Figure 5. — Effect of the knockdown of ubiquitin-E2 ligases on neuroserpin levels in HeLa cells. HeLa cells were induced with 2 µg/ml doxycycline and transfected with ubiquitin-E2 ligase (UBE2) siRNA for 2 days. Depletion of UBE2j1, UBE2j2 or UBE2g2 did not affect the level of wild-type neuroserpin as assessed by western blot analysis and associated densitometry (hatched histogram) (A) and by ELISA against total neuroserpin (C). In contrast, the depletion of UBE2j1 results in an increase in neuroserpin polymers in cells expressing G392E neuroserpin as observed by western blot analysis and densitometry (B) and by ELISA (D). Silencing of UBE2g2 resulted in a slight increase in neuroserpin levels that was only statically different in ELISA (D). UBE2j2 silencing leads to a decrease in neuroserpin polymer level in HeLa cells as seen by western blot analysis (B) and ELISA (D).

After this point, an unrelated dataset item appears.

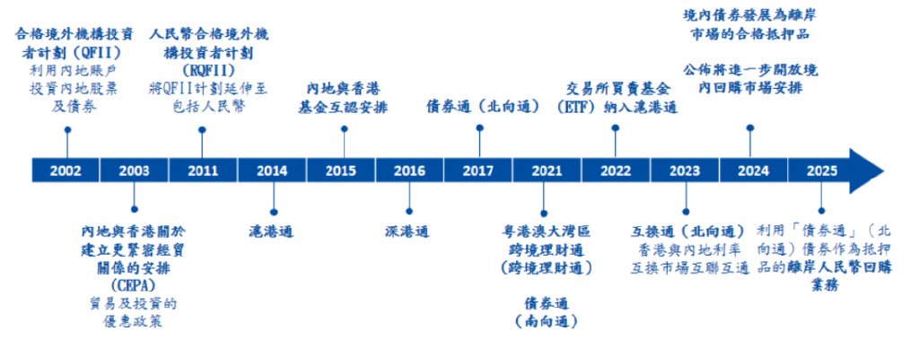 香港凭借其背靠内地的独有优势,是通往内地的桥梁,也是全球最大的离岸人民币业务中心。这些连接渠道方便海外投资者参与中国市场发展带来的机遇。

In cells expressing Δ neuroserpin silencing both UBE2j1 and UBE2j2 result in an increase in neuroserpin levels, whereas the depletion of UBE2j2 has no effect (E). n = 4 independent repeats for each cell line. *P < 0.05.

Since we demonstrated that the UPR is not activated in FENIB (19), we investigated the activation of alternative pathways that could lead to the activation of ERAD.

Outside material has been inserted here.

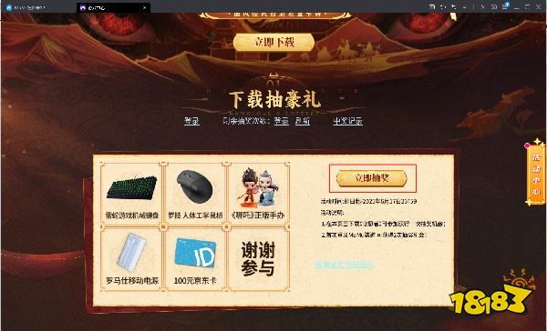 2、进入活动页面点击立即下载,即可获得抽奖机会,点击立即抽奖有机会赢键鼠、手办套装。

Transcriptional analysis of cells expressing polymers of neuroserpin reveals upregulation of the cholesterol biosynthetic pathway

In order to identify signals initiated by the polymerization of neuroserpin within the ER, we next used oligonucleotide microarrays to perform a transcriptional analysis of cells expressing wild-type, G392E or Δ neuroserpin. Treatment of Tet-On cells with 2 µg/ml of doxycycline increased the level of wild-type neuroserpin mRNA by 3.75 log-fold, G392E neuroserpin by 3.53 log-fold and Δ neuroserpin by 5.24-log fold (GEO accession number: GSE46230, and full analysis on Supplementary Material, Fig. S2). Gene Set Enrichment analysis (27) was performed on the normalized gene expression values for each cell line (see Materials and Methods). Fifty-four pathways were upregulated when wild-type neuroserpin was expressed (Supplementary Material, Table S1), while 70 pathways were upregulated following the expression of G392E neuroserpin (Supplementary Material, Table S2). No pathways were upregulated with a FDR ≤ 0.25 following expression of Delta neuroserpin. Unique pathway analysis of the G392E neuroserpin cell line revealed the cholesterol biosynthetic pathway to be modulated. This has previously been linked with the responses to ER dysfunction and to ERAD (28–30). Since most genes of this pathway were upregulated in cells expressing G392E neuroserpin but not in cells expressing the wild-type or Δ neuroserpin, we chose to examine this response further (Fig. 6).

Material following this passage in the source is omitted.